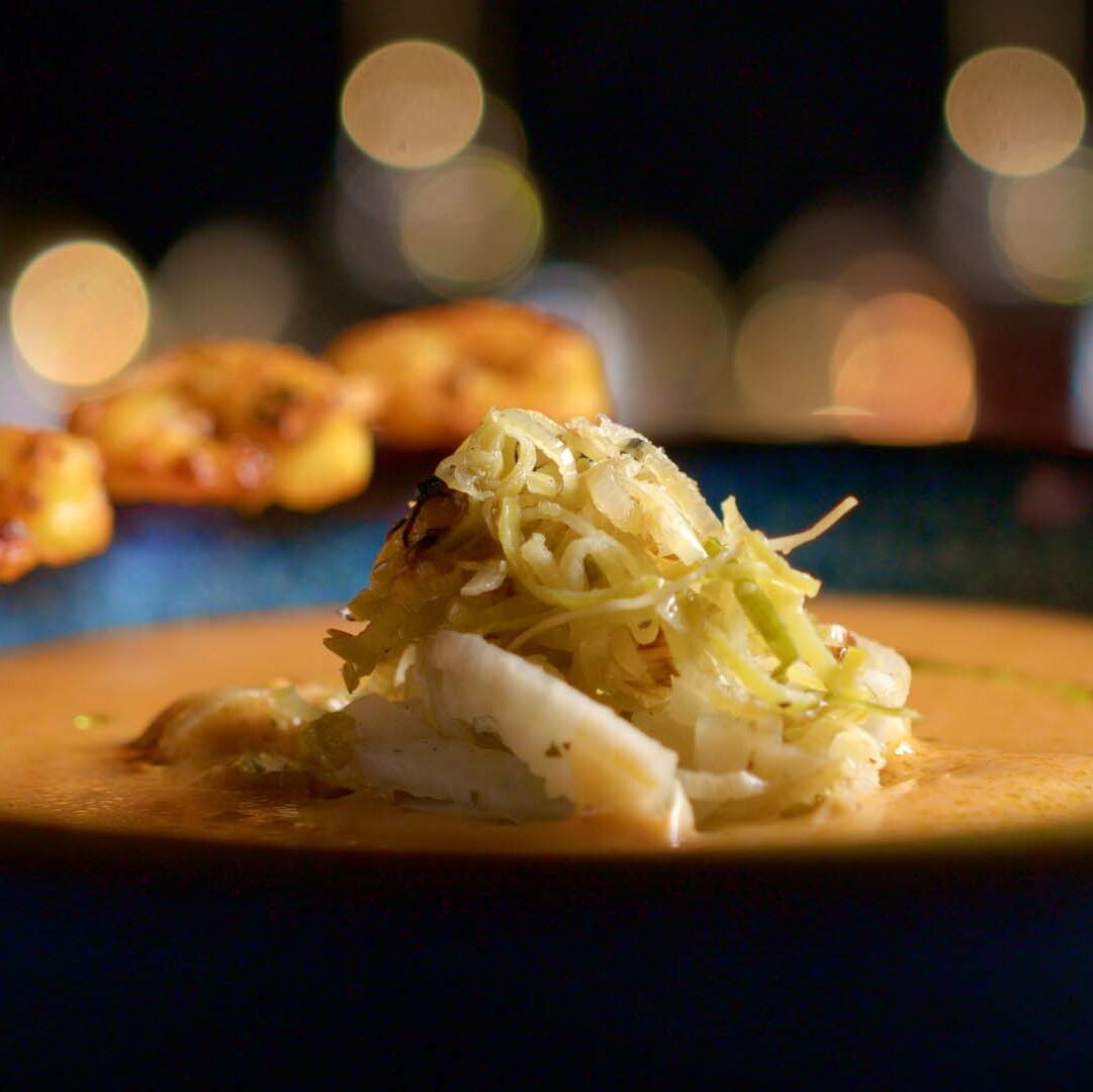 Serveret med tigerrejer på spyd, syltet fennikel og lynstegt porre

--

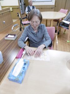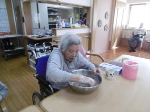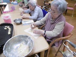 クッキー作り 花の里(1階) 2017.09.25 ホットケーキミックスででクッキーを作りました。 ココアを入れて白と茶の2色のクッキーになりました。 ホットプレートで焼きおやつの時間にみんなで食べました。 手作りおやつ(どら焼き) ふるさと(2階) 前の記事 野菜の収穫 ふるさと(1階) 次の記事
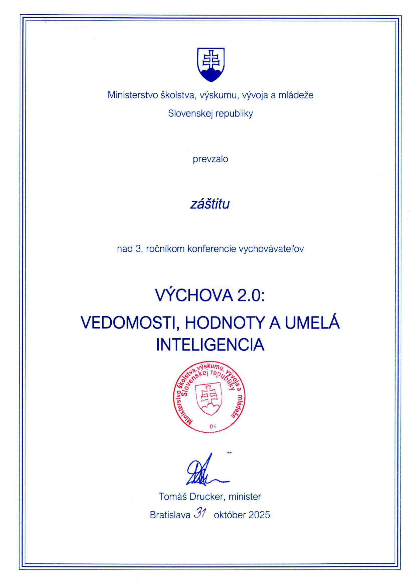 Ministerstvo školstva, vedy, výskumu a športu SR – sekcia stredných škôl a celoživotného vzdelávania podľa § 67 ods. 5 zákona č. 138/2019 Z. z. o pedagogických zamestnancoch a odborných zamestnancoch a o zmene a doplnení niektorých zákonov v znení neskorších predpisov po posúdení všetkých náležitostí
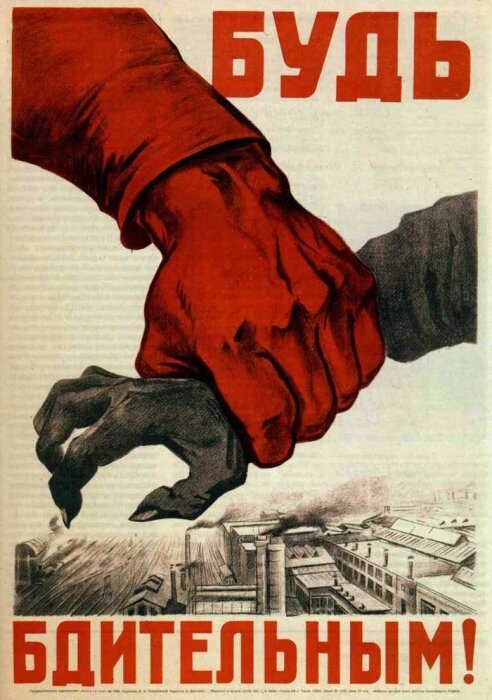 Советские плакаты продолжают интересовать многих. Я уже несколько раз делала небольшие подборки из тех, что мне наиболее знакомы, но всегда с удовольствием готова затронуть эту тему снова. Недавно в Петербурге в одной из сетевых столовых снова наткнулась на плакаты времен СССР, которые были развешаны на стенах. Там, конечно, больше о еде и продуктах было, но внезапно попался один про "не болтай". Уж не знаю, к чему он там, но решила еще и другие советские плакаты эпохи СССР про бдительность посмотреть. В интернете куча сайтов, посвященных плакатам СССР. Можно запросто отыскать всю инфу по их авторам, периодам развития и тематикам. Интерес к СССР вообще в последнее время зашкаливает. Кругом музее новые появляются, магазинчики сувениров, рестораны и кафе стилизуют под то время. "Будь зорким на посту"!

...

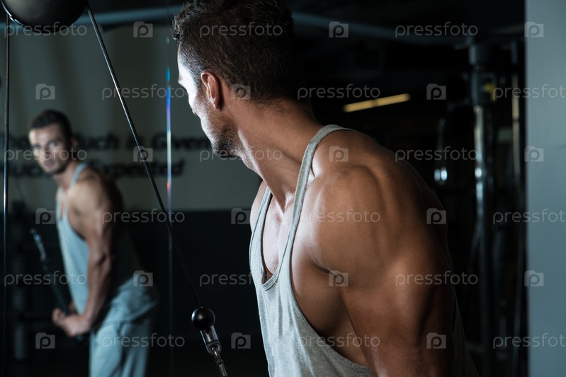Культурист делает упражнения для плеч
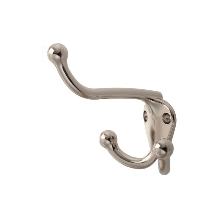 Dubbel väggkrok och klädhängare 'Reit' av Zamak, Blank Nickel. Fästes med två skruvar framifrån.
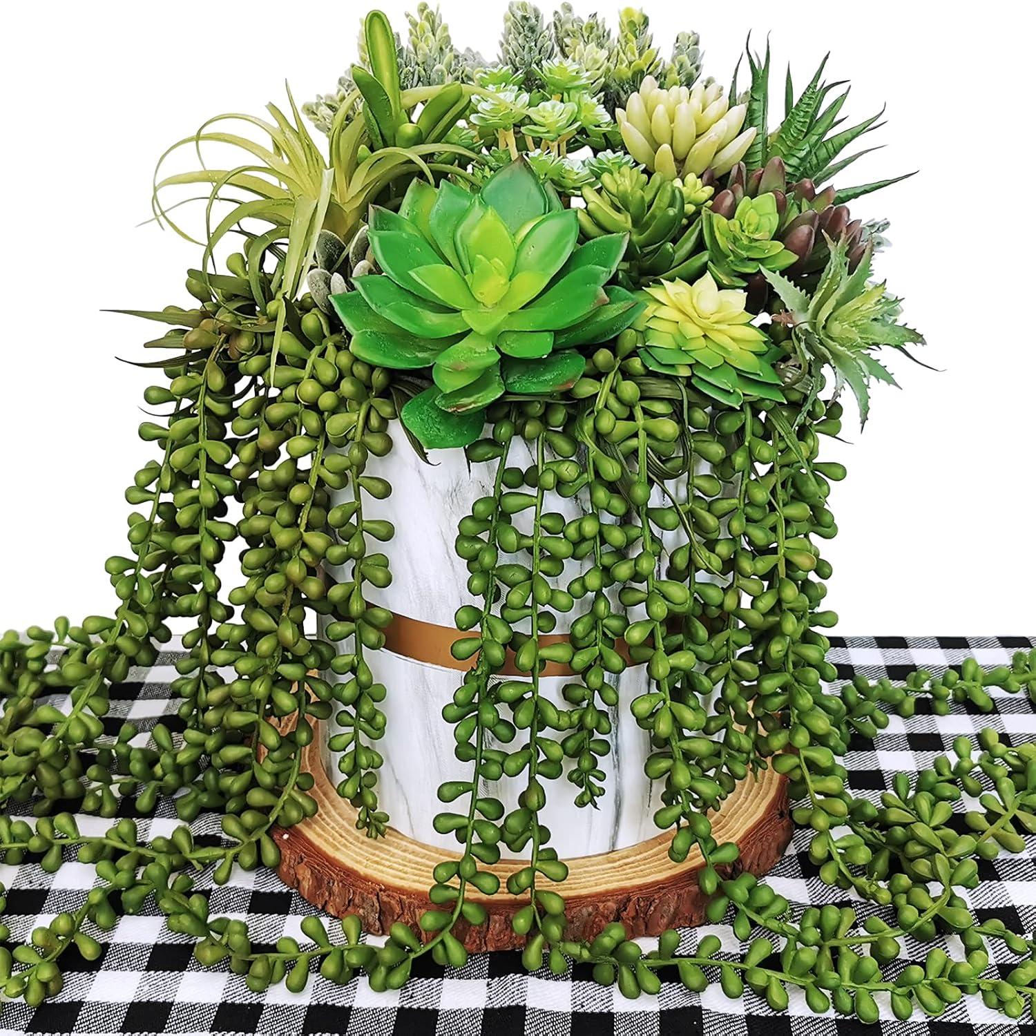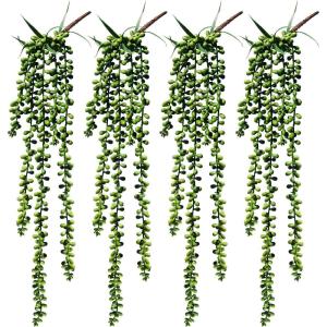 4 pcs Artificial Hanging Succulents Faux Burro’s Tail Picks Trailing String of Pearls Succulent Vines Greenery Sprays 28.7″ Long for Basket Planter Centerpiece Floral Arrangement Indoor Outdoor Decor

__Exercise objective__. Each line between the one holding "クッキー作り 花の里(1階) 2017.09.25" and the one holding "Ministerstvo školstva, vedy, výskumu", inclusive, should be copied exactly as it appears above, and pictures should be omitted.

__Written reply__.
 クッキー作り 花の里(1階) 2017.09.25 ホットケーキミックスででクッキーを作りました。 ココアを入れて白と茶の2色のクッキーになりました。 ホットプレートで焼きおやつの時間にみんなで食べました。 手作りおやつ(どら焼き) ふるさと(2階) 前の記事 野菜の収穫 ふるさと(1階) 次の記事
 Ministerstvo školstva, vedy, výskumu a športu SR – sekcia stredných škôl a celoživotného vzdelávania podľa § 67 ods. 5 zákona č. 138/2019 Z. z. o pedagogických zamestnancoch a odborných zamestnancoch a o zmene a doplnení niektorých zákonov v znení neskorších predpisov po posúdení všetkých náležitostí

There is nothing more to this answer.